The US Department of State’s International Narcotic Control Strategy Report also highlighted endemic corruption as a chink in Indonesia’s AML/CTF armour.

Indonesia has a weak AML/CFT regime, according to the INCSR assessment, a cash-based economy, weak rule-of-law and ineffective law enforcement institutions, the presence of major indigenous terrorist groups combined reduce the impact of international standards and national law.

Non-drug related crimes generate the majority of money laundering activity: corruption, illegal logging, theft, bank fraud, credit card fraud, and maritime piracy, sale of counterfeit goods, gambling and prostitution.

Banks are already required to follow enhanced due diligence procedures for both foreign and domestic PEPs. Although the FATF recommendation on this was only made official in February this year, many financial institutions in Asia, perhaps influenced by other industry groups, had already adopted monitoring domestic PEPs as best practice.

KYC covered entities: Banks, finance companies, insurance companies and insurance brokerage companies, pension fund financial institutions, securities companies, investment managers, providers of money remittance, and foreign currency traders. NB High value goods dealers and lawyers are not covered by KYC rules.

Convictions and the law

There were four convictions for money laundering between January and October 2011.

In October 2010, the Government of Indonesia enacted a new AML law that partially complies with international standards. To meet international standards and ensure effective implementation and enforcement of the law, INCSR recommends staff in both the executive and judicial branches should receive more training on AML/CTF.

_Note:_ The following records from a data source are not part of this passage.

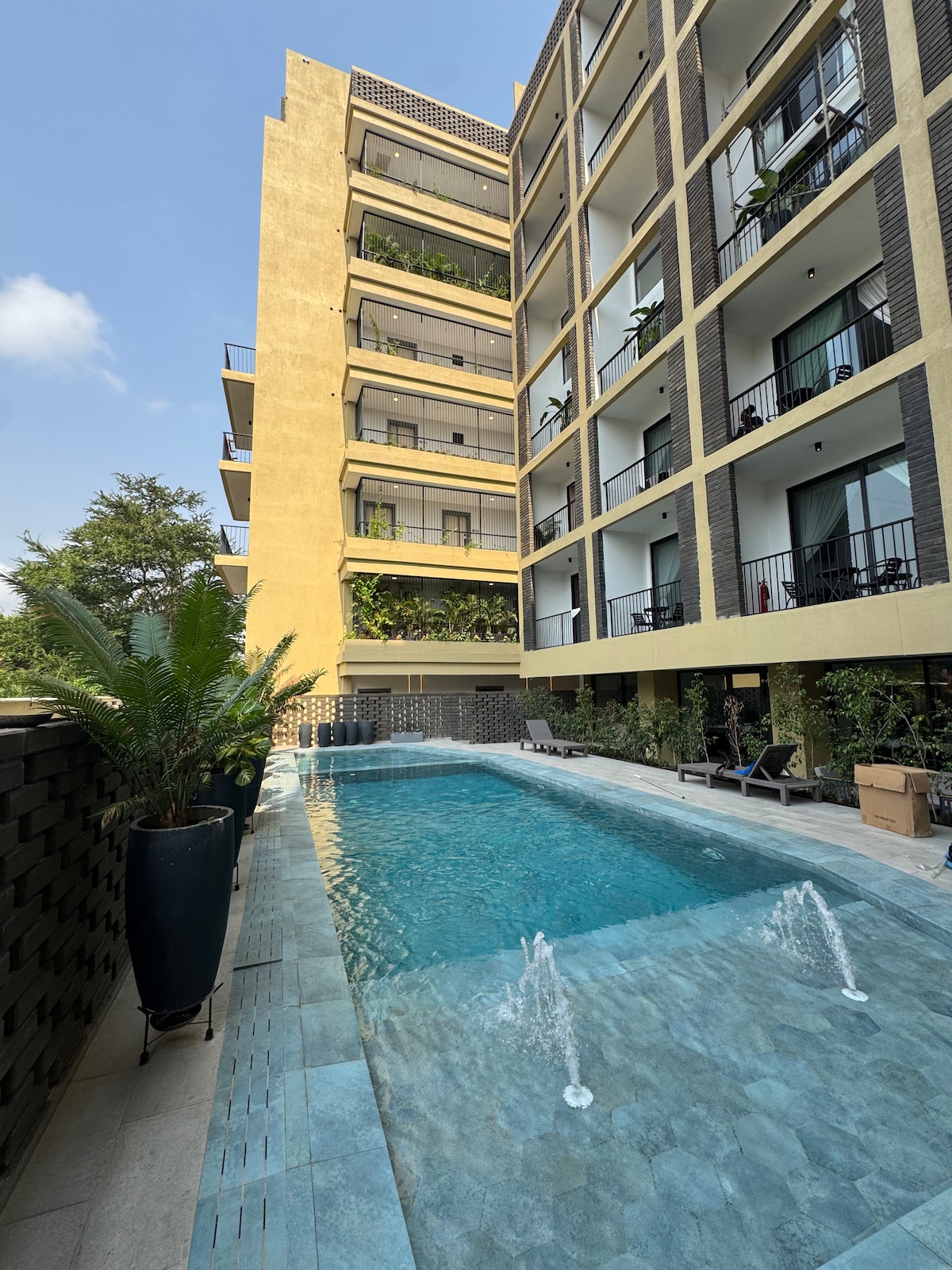 Make yourself at home in this modern 2-bedroom apartment, perfectly located in the heart of Accra—just moments from the city’s best cafés, restaurants, and culture. The apartment offers all the essentials, including a fully equipped kitchen, Wi-Fi, and a smart TV. Take advantage of the resort-style amenities: a stunning pool with a swim-up bar, a well-equipped gym, and a library/ pool table room. Whether you’re traveling with family or friends, it’s an ideal spot to enjoy Accra in comfort!
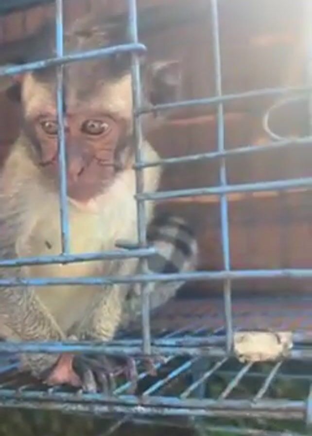 - "A small monkey is sitting in a blue wire cage, looking directly at the camera" by FM-xgQP92, licensed under CC BY 4.0
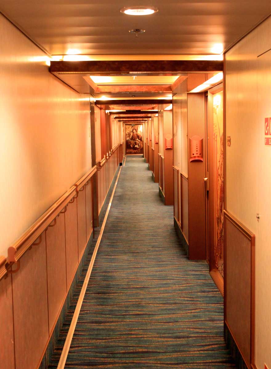 oben: Deck 10; links: Heck; rechts: Gang; unten: Bar
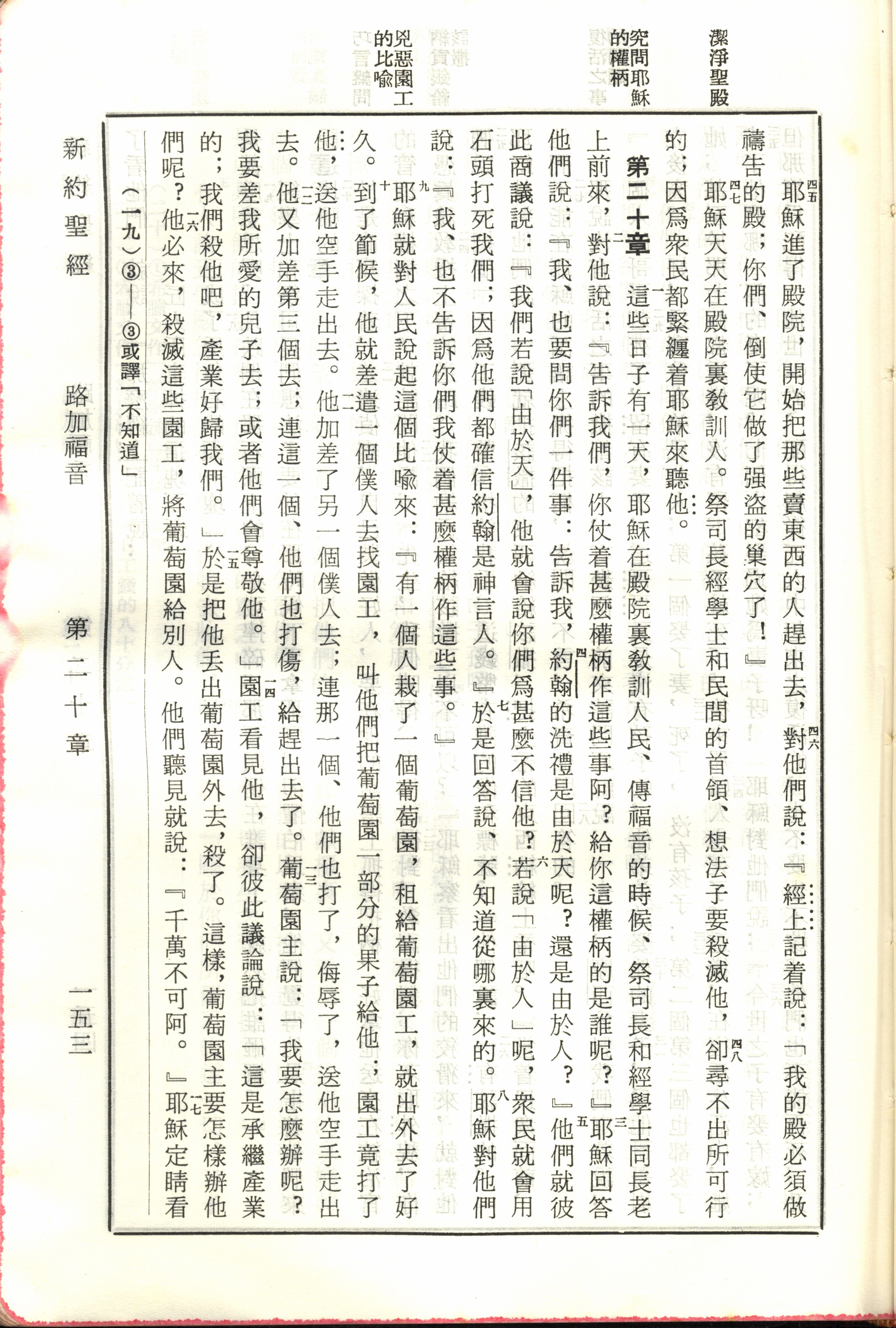 1970年新舊約全書(呂振中譯本) 路加福音 19 章 45 節到 20 章 17 節
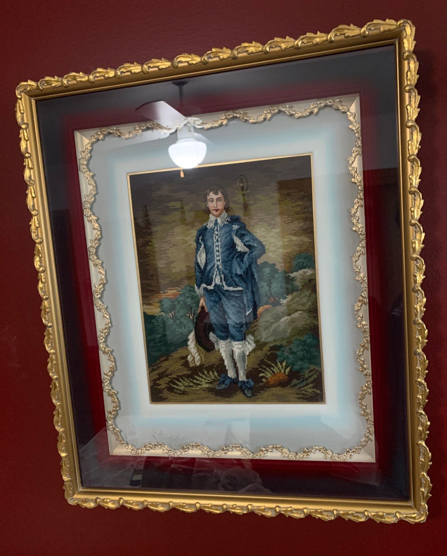 Thomas Gainsborough Meticulously Stitched Needlepoint Boy Blue w/ Gold Beveled Frame 18x23
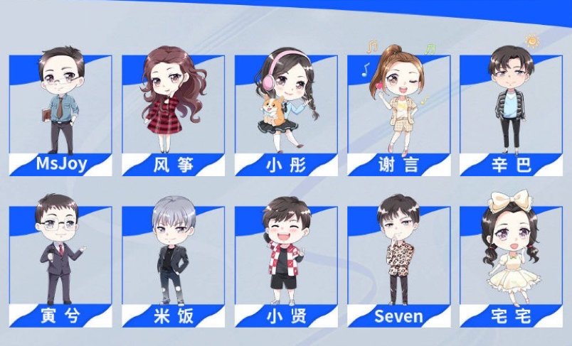 Msjoy、小彤、寅兮、谢言、风筝、辛巴、米饭、小贤、宅宅、seven
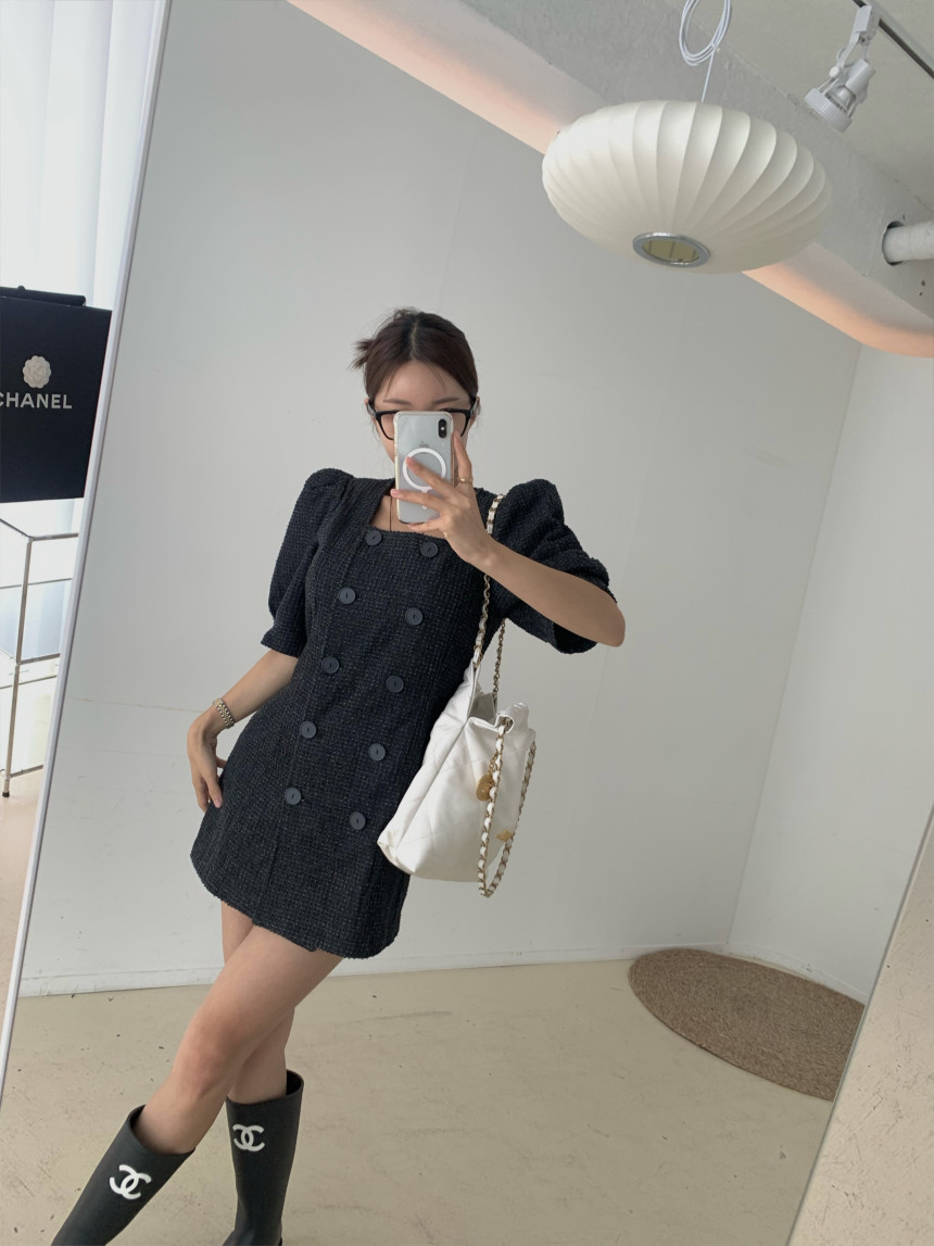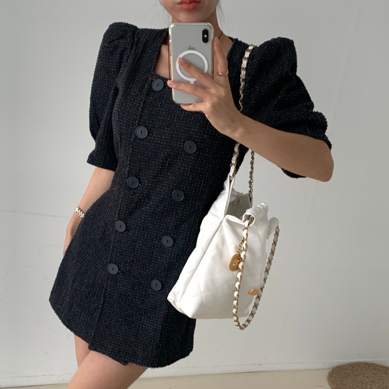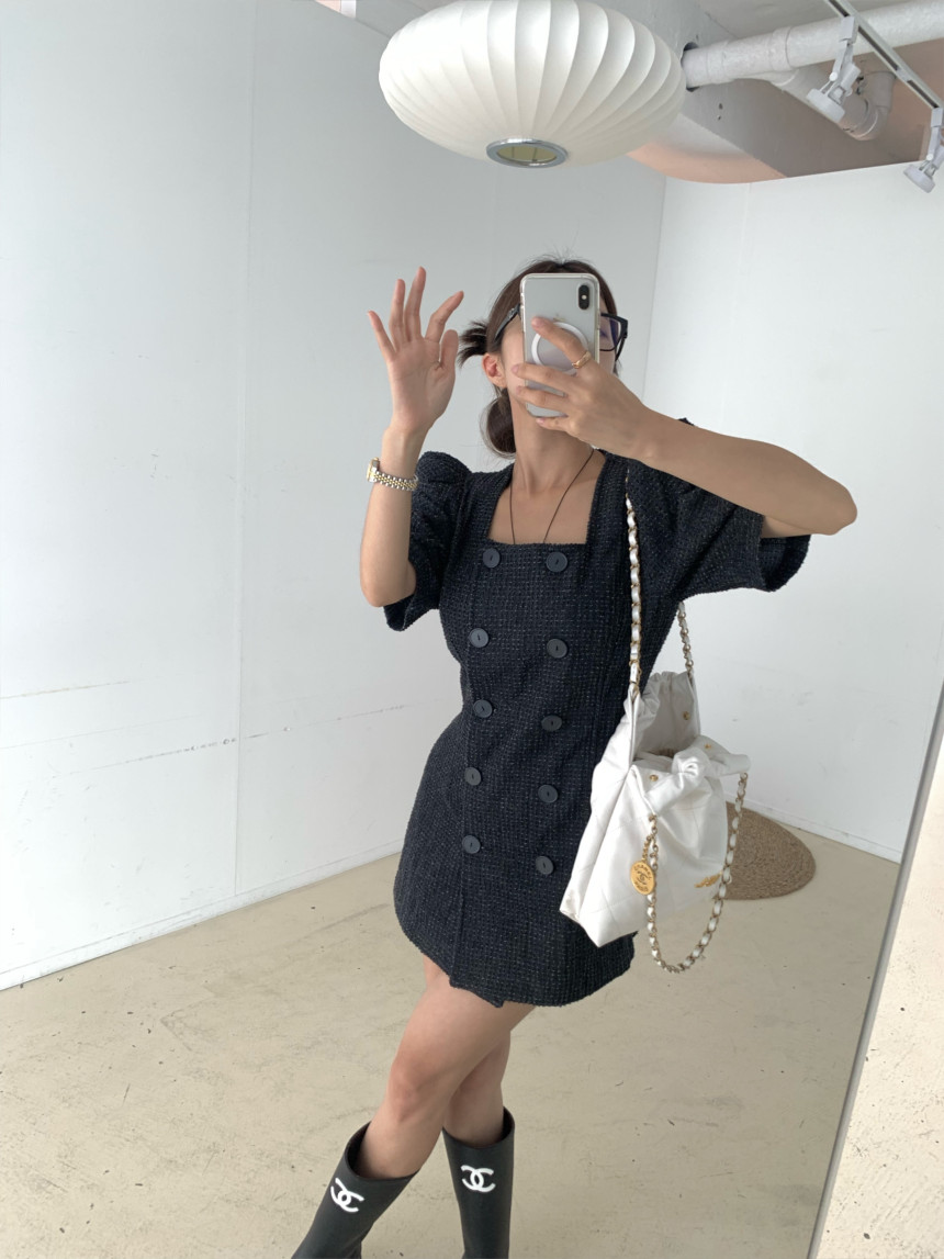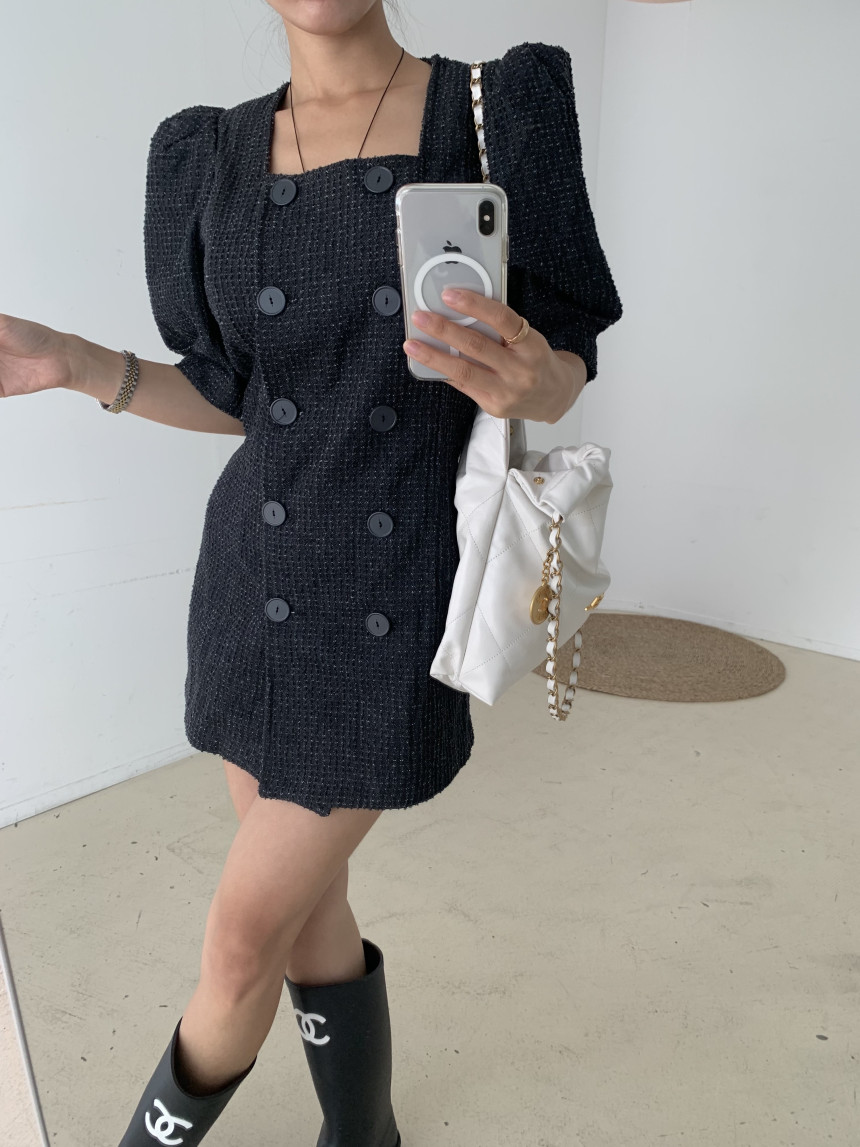 スクエアネックとダブルボタンが上品な印象を演出し、パフスリーブが女性らしさをプラス。

The PPATK – Indonesia’s Financial Intelligence Unit  – needs a significant increase in staff to meet its responsibilities under the law. In an effort to place some of the legal burden on industry and bank partners, PPATK plans to open three AML centers in different regions of Indonesia to serve as resource centers for organizations that must comply with the new regulations. There is hope that this will place some of the legal burden on AML/CTF on to practitioners and bank partners. How this will happen remains to be seen and will be a focus of discussion at the 4th Annual ACAMs Conference in early April.

Despite a reported high-level commitment to the action plan developed to address some of the persistent gaps in its AML/CFT legislation, the government has not met its projected timeframes. Essential draft CFT legislation will not be submitted to parliament until at least early 2012.

The October 2010 AML legislation only provides for the temporary suspension of terrorist assets linked to the UN list of designated terrorists and terrorist organizations and does not allow for an immediate and ongoing freeze.

Corruption, particularly within the police ranks, impedes effective investigations and prosecutions. Prosecutors and judges should be given additional training on tracing and documenting financial flows and presenting this evidence convincingly in court.